The bill increases transparency and state accountability to improve safety and information for foster/adoptive placements, at the cost of added reporting requirements, potential loss of incentive funding for noncompliant states, and reputational risks for placement agencies that could disrupt services for children.
Children in foster care and prospective adoptive families gain a national, publicly available list of accredited private placement agencies, increasing transparency about where placements originate and helping parents/families make informed choices.
States and HHS can identify agencies with state disciplinary actions more quickly, improving oversight and the potential for faster interventions to protect child safety.
The bill encourages States to maintain current licensing and accreditation systems because compliance affects eligibility for incentive payments, creating a financial push toward oversight and consistency.

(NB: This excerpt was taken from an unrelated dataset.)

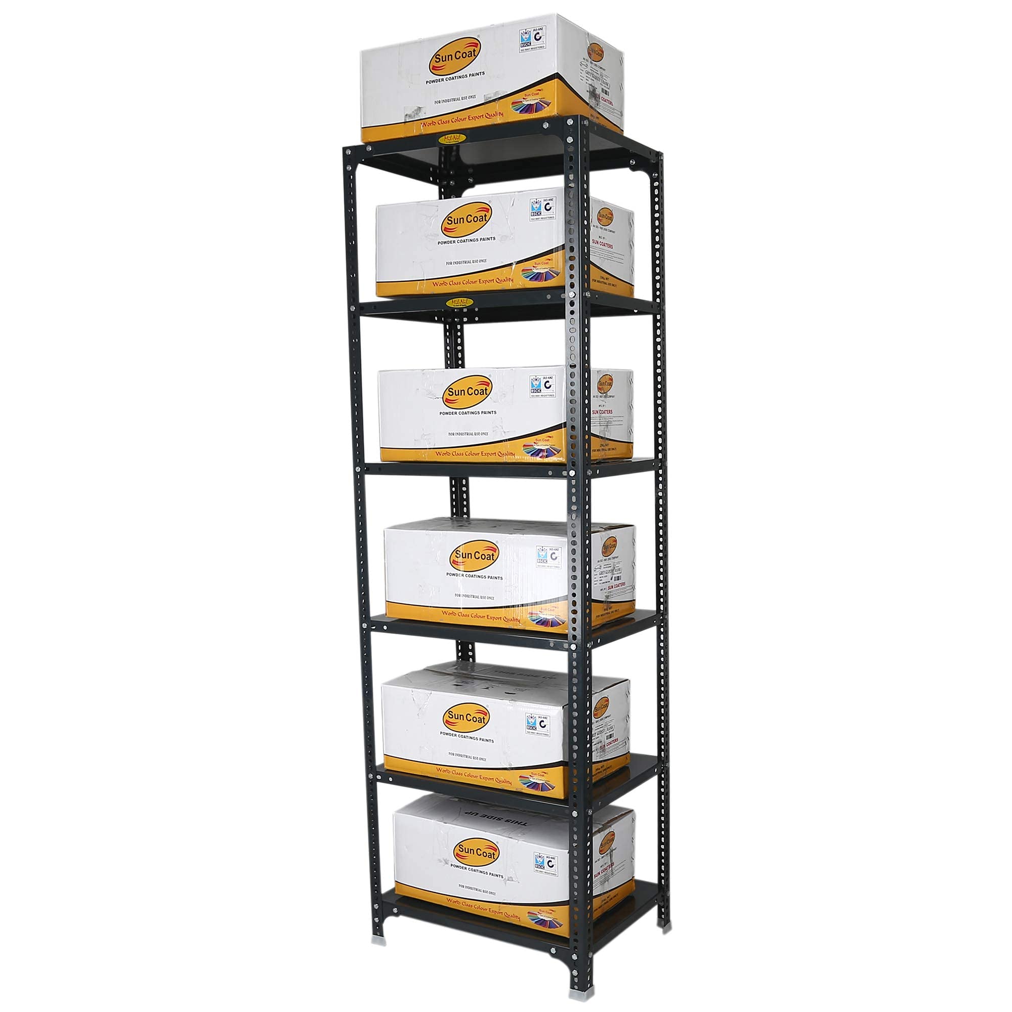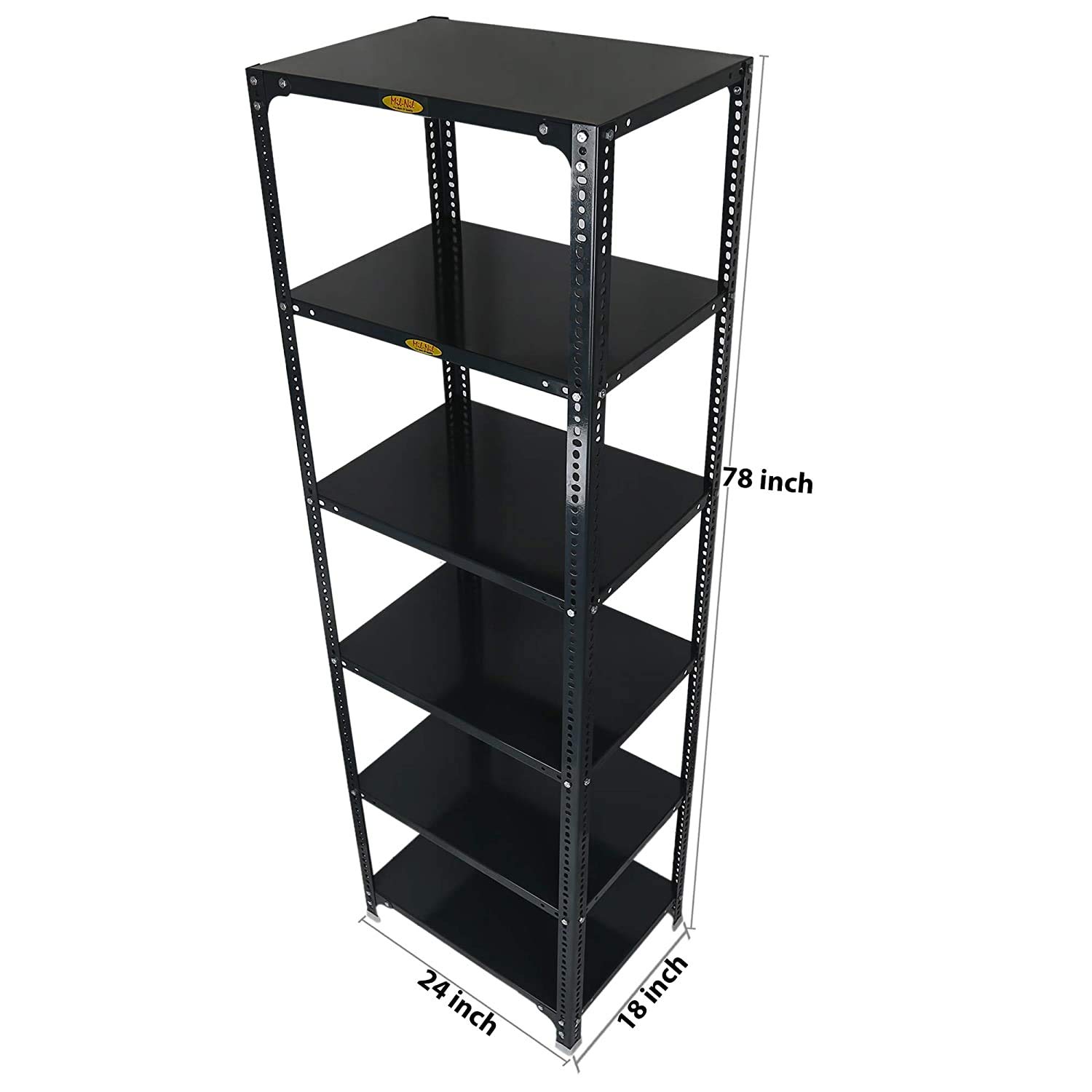 Item NameMil-Nil Prime CRC Sheet 6 Shelf Multipurpose Slotted Angle Rack, 78 x 24 x 18 Inch, 24 Gauge (Grey) 16 Gauge Angles

States that fail to submit required lists could lose incentive payments, reducing funds available for adoption and guardianship support and potentially harming outcomes for children awaiting placement.
Private placement agencies will face increased administrative burdens and ongoing public scrutiny from mandatory listing and reporting, raising operating costs and compliance workload for nonprofits.
Publicly naming agencies and listing disciplinary actions could damage agency reputations before full due-process resolution, risking service disruptions that would negatively affect children who rely on those placements.
Based on analysis of 2 sections of legislative text.
Requires annual state lists of State‑licensed, 501(c)(3) private child placement agencies, creates a public national list, and ties reporting to adoption/guardianship incentive eligibility.
Introduced January 23, 2026 by Jefferson Shreve · Last progress January 23, 2026
Requires each State that has an approved IV‑B/IV‑E child welfare plan to annually send the federal government a list of private child placement agencies that are licensed or accredited, in good standing with the State, and exempt from federal income tax as 501(c)(3) organizations. The Department of Health and Human Services (via the Children’s Bureau) must publish a national, publicly available list compiled from state submissions and report annually to Congress identifying agencies not on the list and any disciplinary actions taken by States. States must comply with the reporting requirement to be eligible for adoption and legal guardianship incentive payments.